As a workaround we download and extract an archived package manually:
vbash-4.1# cd /config/user-data
vbash-4.1# mkdir ppp-dev
vbash-4.1# cd ppp-dev
vbash-4.1# curl -LO http://archive.debian.org/debian-archive/backports.org/pool/main/p/ppp/ppp-dev_2.4.4rel-1bpo1_all.deb
vbash-4.1# ar x ppp-dev_2.4.4rel-1bpo1_all.deb
vbash-4.1# rm control.tar.gz debian-binary ppp-dev_2.4.4rel-1bpo1_all.deb
vbash-4.1# gzip -d data.tar.gz
vbash-4.1# tar xf data.tar
vbash-4.1# cp -Ra usr /
Build accel-pptp
Now with everything in place we can build accel-pptp:
vbash-4.1# cd /config/user-data
vbash-4.1# curl -Lso accel-pptp.tar.gz https://github.com/winterheart/accel-pptp/archive/master.tar.gz
vbash-4.1# tar xf accel-pptp.tar.gz
vbash-4.1# rm accel-pptp.tar.gz
vbash-4.1# cd accel-pptp-master/
vbash-4.1# mkdir build
vbash-4.1# cd build
vbash-4.1# cmake -DPPP_PREFIX_DIR=/usr ../
vbash-4.1# make
vbash-4.1# make install
vbash-4.1# mv /usr/lib/pppd/2.4.4/pptp.so /usr/lib/pppd/pptp.so
Modify vyatta to use accel-pptp instead of pptp-linux
Run this and hope for the best:
vbash-4.1# cat > /opt/vyatta/share/vyatta-cfg/templates/interfaces/pptp-client/node.tag/server-ip/node.def << EOF
type: txt
help: Remote IP address or hostname for this tunnel [REQUIRED]

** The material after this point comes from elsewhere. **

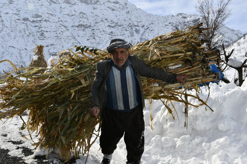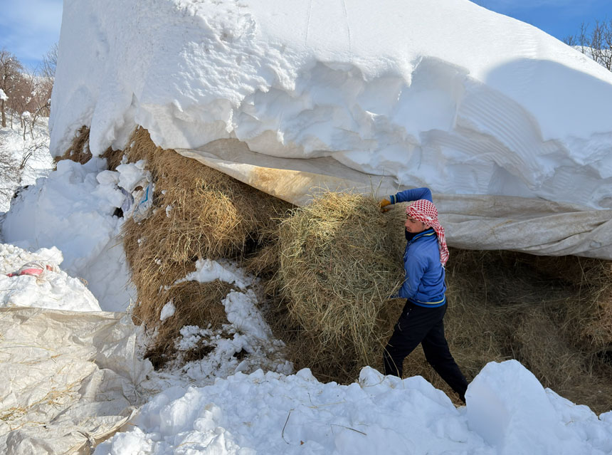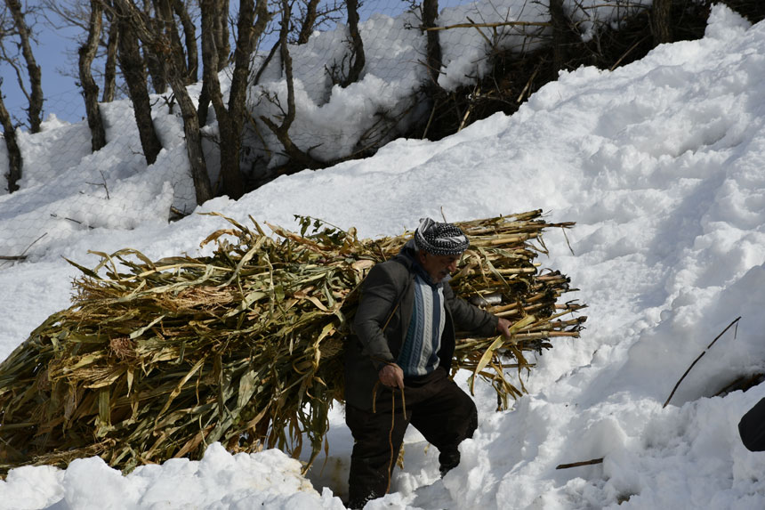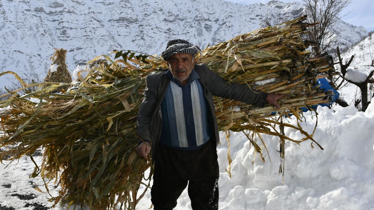 Üzümcü köyü sakinlerinden, altı çocuk babası 69 yaşındaki emekli güvenlik korucusu Abdullah Er, yoğun kar yağışının köyde yaşamı oldukça zorlaştırdığını söyledi. Ahırda beslediği keçiler için yol kenarında kar altında kalan yemleri çıkaran Er, yaşına aldırmadan sırtladığı ot balyasını yaklaşık 500 metre uzaklıktaki ahırına taşıdı.
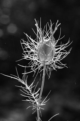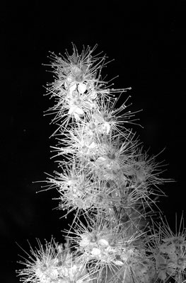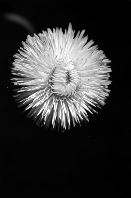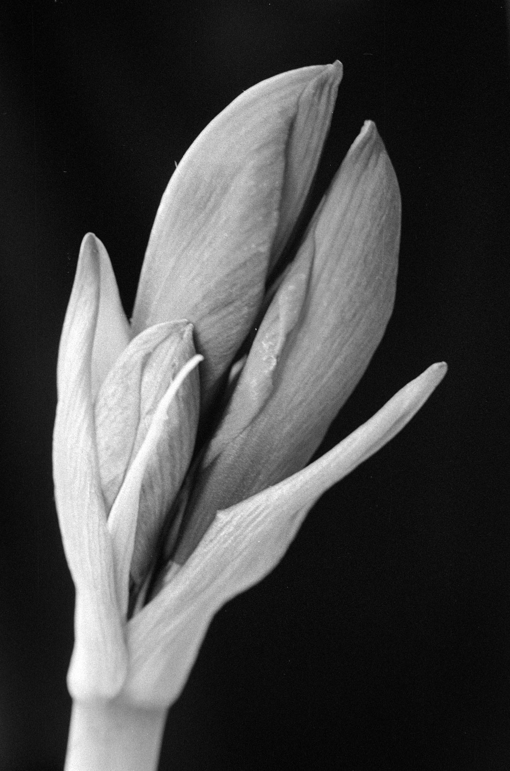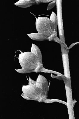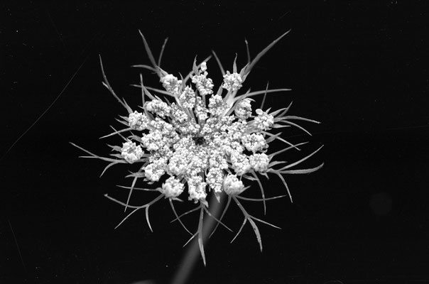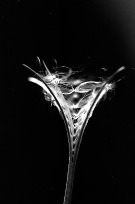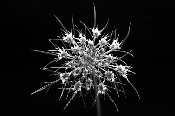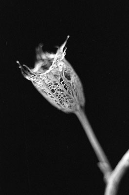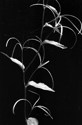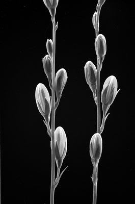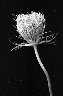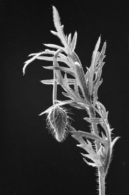 Inspiriert von Karl Blossfeldt isolierte Helga Ruge Pflanzen oder ihre Details vor einem neutralen Hintergrund - im Studio oder im Freien. Ihre unbeschreiblichen Bauformen treten hervor und offenbaren eine teils bizarre Vielfalt. Künstliche Lichtführung und kalkulierte Kontrastwirkungen unterstützten die Artikulation der Form.

syntax:expression: pattern \$VAR(@) "^[[:alnum:]][-.[:alnum:]]*[[:alnum:]]\$"
; "Invalid server \$VAR(@)"
update: sudo sed -i -e '/^pty/d' -e '/^plugin pptp.so/d' -e '/^pptp_server/d' /etc/ppp/peers/\$VAR(../@)
sudo sh -c "echo plugin pptp.so >> /etc/ppp/peers/\$VAR(../@)"
sudo sh -c "echo pptp_server \$VAR(@) >> /etc/ppp/peers/\$VAR(../@)"
delete: sudo sed -i -e '/^pty/d' -e '/^plugin pptp.so/d' -e '/^pptp_server/d' /etc/ppp/peers/$VAR(../@)
EOF
It replaces the definitions on how to generate the server-ip part of the pptp client config.
Regenerate ppp client config
To regenerate the ppp client config the easiest way is go into config mode, change a few settings, commit, change them back.
ubnt@ubnt:~$ configure
[edit]
ubnt@ubnt# edit interfaces pptp-client pptpc0
[edit interfaces pptp-client pptpc0]
ubnt@ubnt# set server-ip 127.0.0.1
[edit interfaces pptp-client pptpc0]
ubnt@ubnt# commit
[edit interfaces pptp-client pptpc0]
ubnt@ubnt# set server-ip vpn.stw-bonn.de
[edit interfaces pptp-client pptpc0]
ubnt@ubnt# commit
[edit interfaces pptp-client pptpc0]
ubnt@ubnt# save
Saving configuration to '/config/config.boot'...
Done
[edit]
ubnt@ubnt# exit
You can verify that it worked by looking at the client config. This is how it should look:
ubnt@ubnt:~$ tail -n2 /etc/ppp/peers/pptpc0
plugin pptp.so
pptp_server vpn.stw-bonn.de
Troubleshooting
If you ever run into a problem and need internet access to get something working you have to remove the plugin pptp.so and pptp_server vpn.stw-bonn.de lines and add pty "/usr/sbin/pptp vpn.stw-bonn.de --nolaunchpppd" to /etc/ppp/peers/pptpc0.
IPv6 workaround
We need a workaround to enable IPv6 on the pptp client interface:
ubnt@ubnt:~$ sudo -s
vbash-4.1# mkdir -p /config/scripts/ppp/ip-up.d
vbash-4.1# cat > /config/scripts/ppp/ip-up.d/autoconf.sh << EOF
#!/bin/bash
sysctl -w net.ipv6.conf.pptpc0.autoconf=2
sysctl -w net.ipv6.conf.pptpc0.accept_ra=2
ip -6 addr flush dev pptpc0
ip -6 addr add \$(ip -6 addr show eth1 | grep fe80:: | awk '{print \$2}' | awk -F ':' '{print \$1"::"1337":"\$4":"\$5":"\$6}') dev pptpc0
EOF
vbash-4.1# chmod a+x /config/scripts/ppp/ip-up.d/autoconf.sh
This sets the appropriate system configuration to allow autoconf on forwarding devices and adds a link local address (derived from eth1 address) to the pptp client interface.
Nearly Done
You now should have pptp working in your kernel, making it a lot faster.
But: You are not yet finished configuring your router! You'll need to configure your local network and you'll need to define firewall rules!